Pour les intrants, même souci : le prix de l'engrais qu'il utilise pour sa production d'ananas est passé de 1 500 euros à 2 800 euros la tonne, assure l'agriculteur, qui lorsqu'il a repris l'exploitation familiale en 2006 a tenté de diversifier la production. Aujourd'hui, celle-ci est partagée entre un peu de maraîchage, de l'ananas, et du fruit de la passion. 

Des problèmes économiques, environnementaux et sociaux 

Pourtant, cette diversification ne lui suffit plus pour s'en sortir face aux difficultés auxquelles il est confronté, lui comme les autres agriculteurs de l'île. Des problèmes d'ordre économique, environnemental, ou encore social, que détaille le président de la CGPER (Confédération générale des planteurs et éleveurs de La Réunion) Jean-Michel Moutama. 

"Envoyez des sous sur nos exploitations" 

Le souci des coûts de production qui augmentent avec les hausses de prix des intrants et matières premières est majeur. "Le coût de production est devenu plus élevé que le prix de vente", soupire Jean-Michel Moutama, appelant de tous ses voeux une aide de la part du gouvernement. 

"Nou profite de la venue de tout ce beau monde du gouvernement pou explique a zot la situation. S'il n'y a pas d'accompagnement direct qui arrive sur nos exploitations, c'est la fin de notre métier. Envoyez des sous sur nos exploitations pour qu'on puisse produire à des prix corrects pour la population réunionnaise. Là où tout le monde parle aujourd'hui de souveraineté alimentaire, il faut arrêter avec les beaux discours et passer au concret."

Jean-Michel Moutama, président de la CGPER

Des contraintes environnementales

Outre les flambées de prix, les normes environnementales imposées, qui se manifestent par exemple par l'interdiction d'utilisation de certains produits, font aussi grincer des dents. "C'est vrai qu'il faut diminuer l'utilisation des produits", reconnaît Jean-Michel Moutama. Mais le président de la CGPER constate aussi les limites de l'agriculture plus verte souhaitée par l'Europe et la France. 

Une "concurrence déloyale" des pays de la zone

"Aujourd'hui on est concurrencés par les pays de la zone. L'Europe, la France, ne peuvent pas nous imposer des contraintes énormes tout en laissant entrer des produits qui sont cultivés de n'importe quelle manière. Qui c'est qui va contrôler les agriculteurs qui viennent nous concurrencer sur notre marché ?", s'interroge-t-il, qualifiant ces importations de "concurrence déloyale". 

Un plan pour l'export de l'ananas réclamé 

Enfin, autre point qui mérite d'être abordé lors de cette visite ministérielle, celui de l'export, qui selon Jean-Michel Moutama connaît aussi des difficultés. L'export de l'ananas, en particulier, soulève ses inquiétudes. 

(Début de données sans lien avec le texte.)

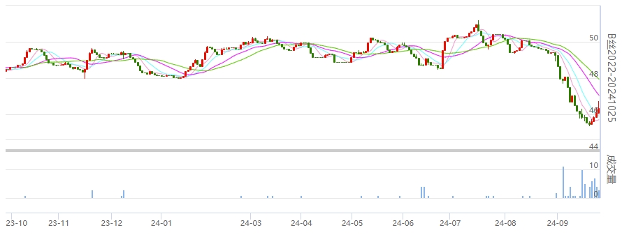 今日(2024年09月26日,周四)中國繭絲綢交易市場(chǎng)生絲電子指數(shù)上漲0.50%報(bào)收于4616.18點(diǎn)。B絲2022D(商檢4A級(jí)生絲):241025合約上漲0.27萬元報(bào)收于46.35萬元;250325合約上漲0.60萬元報(bào)收于47.10萬元;250925合約上漲0.21萬元報(bào)收于46.08萬元。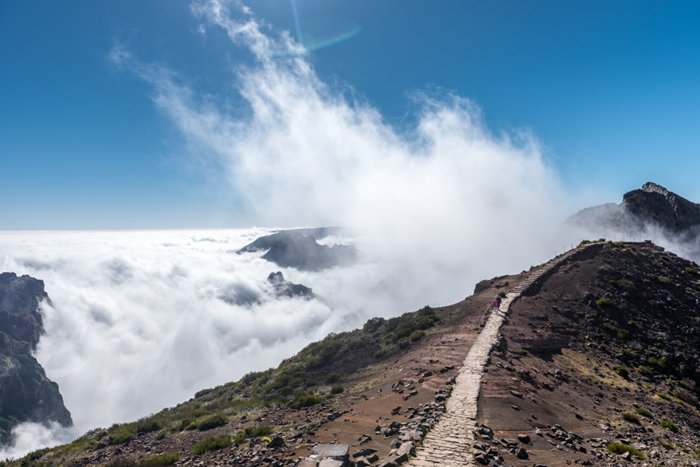 Verida do Areiro is a 7km nature trail that takes about three and a half hours to walk, connecting two of the highest peaks of Madeira; Pico Ruivo (1,862 metres) and Pico do Arero (1,817 metres), an amazing course that includes interesting tunnels and some steep slopes with great views of the central heart of the Madeira Island mountains and the natural surroundings.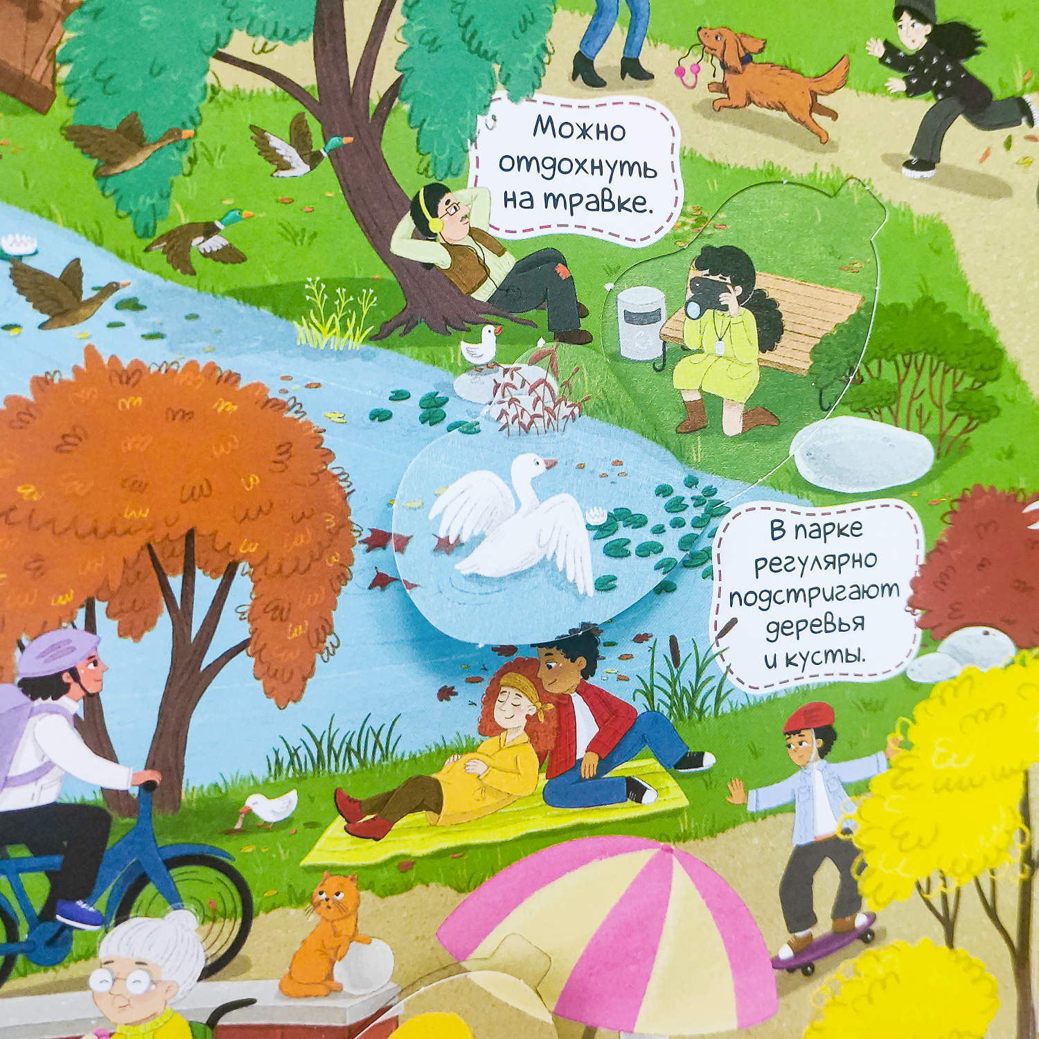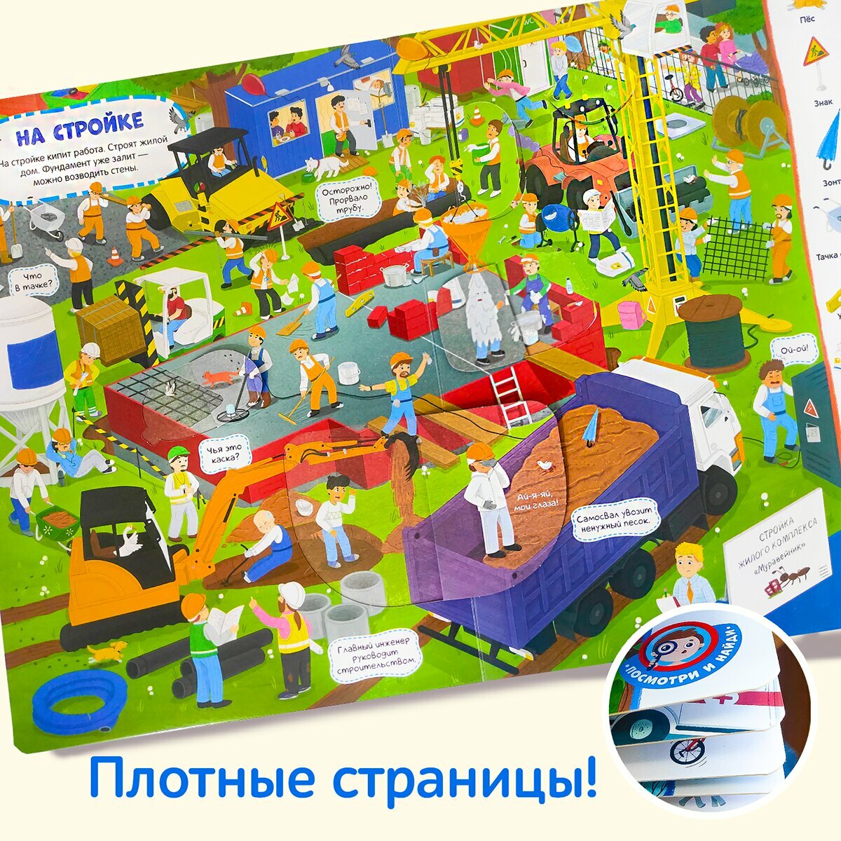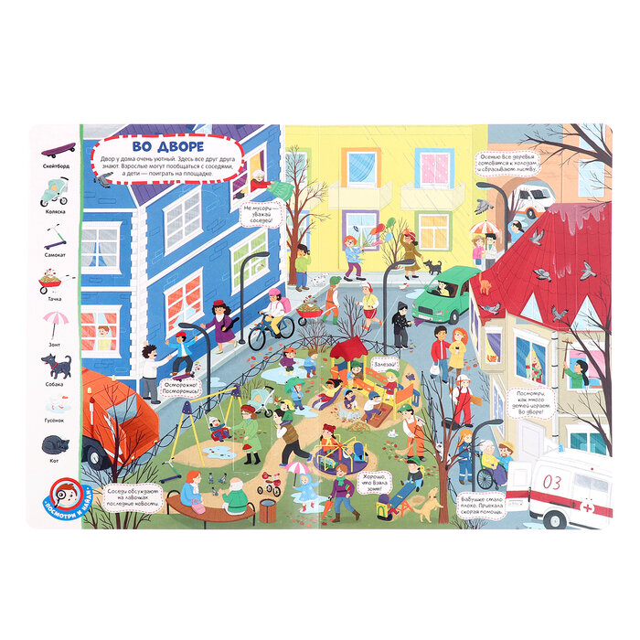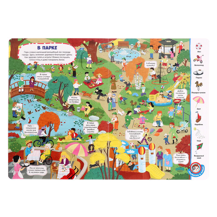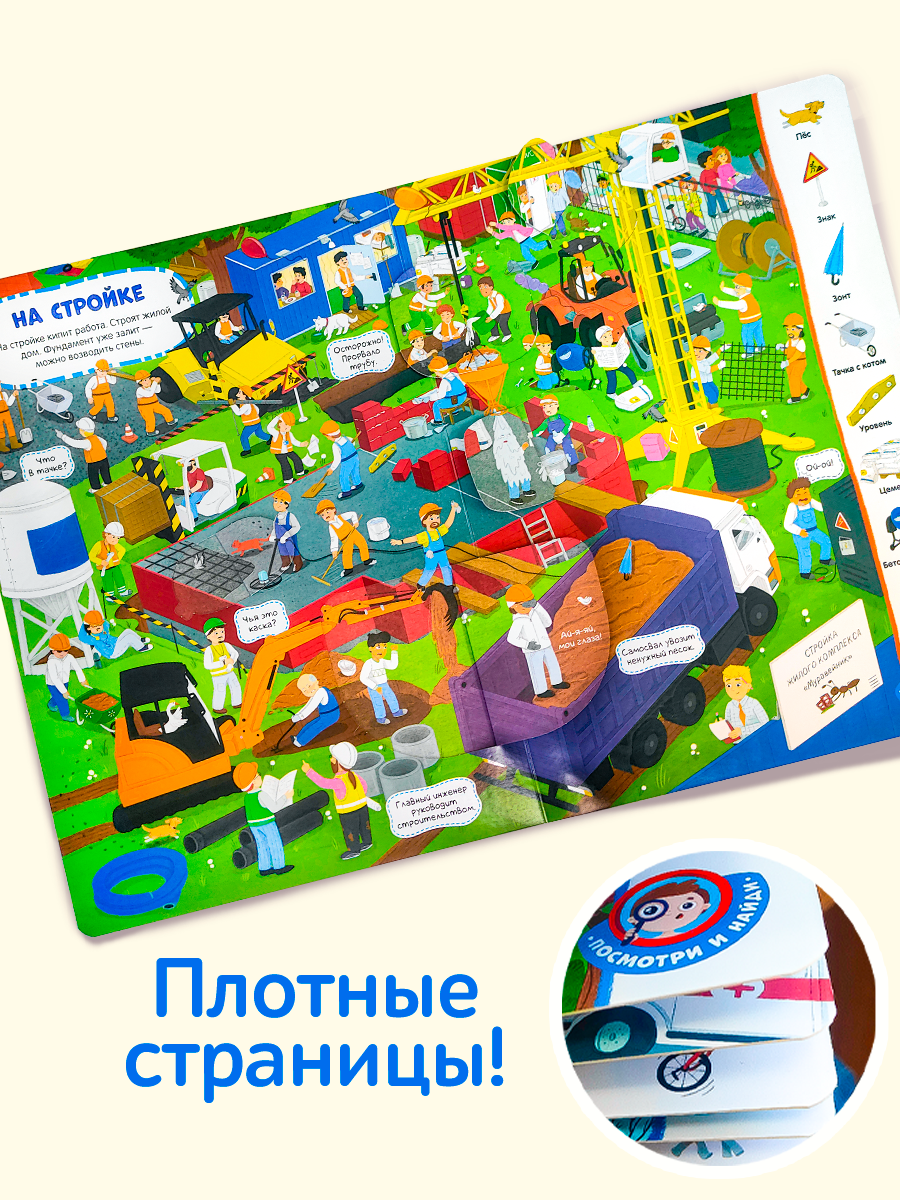Книга с окошками «Город» это большая красочная книга-картинка, на страницах которой малыш сможет отправиться в настоящее путешествие по людному мегаполису. Окошки с интересными фактами дополняют сюжет иллюстраций весёлыми и необычными деталями. На каждой странице вас будет сопровождать семейство гусей, которые тоже живут в этом городе и превращают обычную прогулку по парку в весёлое приключение. Виммельбух эффективный способ развития памяти, внимания и речи ребенка; коммуникация родителей с детьми, которая дает прекрасную возможность фантазировать и рассуждать вместе; проверенный способ разговорить малыша. Окошки имеют удобную выемку для детских пальчиков, чтобы ребёнку было удобно открывать их. Книга выполнена из плотного картона с ламинированной обложкой. Виммельбух дополнен увлекательными заданиями «Найди и покажи». Разглядывайте иллюстрации и ищите спрятанные предметы вместе с малышом: на каждом развороте новое задание. Листайте книгу вместе с малышом, открывайте окошки и отправляйтесь на прогулку в чудесном настроении! Книга для детей поможет развить словарный запас, воображение, любознательность малыша, увлечет его на долгое время и сделает раннее развитие интересным. Скругленные углы обеспечат безопасное взаимодействие с книгой.

"S'il n'y pas un plan Ananas mis en place avec des fonds FEADER par exemple comme pour la canne, ou comme pour la banane aux Antilles, d'ici un an ou deux, il n'y aura plus d'ananas réunionnais exporté. Les marchés qu'on a pris plus de 30 ans à avoir seront pris par les pays tiers qui font aussi de l'ananas Victoria. On n'accepte pas ça"

Jean-Michel Moutama, président de la CGPER

La thématique agricole abordée par les ministres vendredi 

Ces questions devraient être entendues cette semaine par les membres du gouvernement, puisqu'Elisabeth Borne arrive à La Réunion ce jeudi avec, entre autres, le ministre de l'Agriculture et de la Souveraineté alimentaire, Marc Fesneau

L'agriculture devrait d'ailleurs être un des principaux thèmes abordés lors de la visite, en particulier la journée de vendredi. Des échanges sont prévus à Sainte-Rose, surtout autour de la vanille locale, puis à Bras-Panon où les ministres sont attendus sur une usine agro-alimentaire et pour un déjeuner de travail avec les différentes filières agricoles.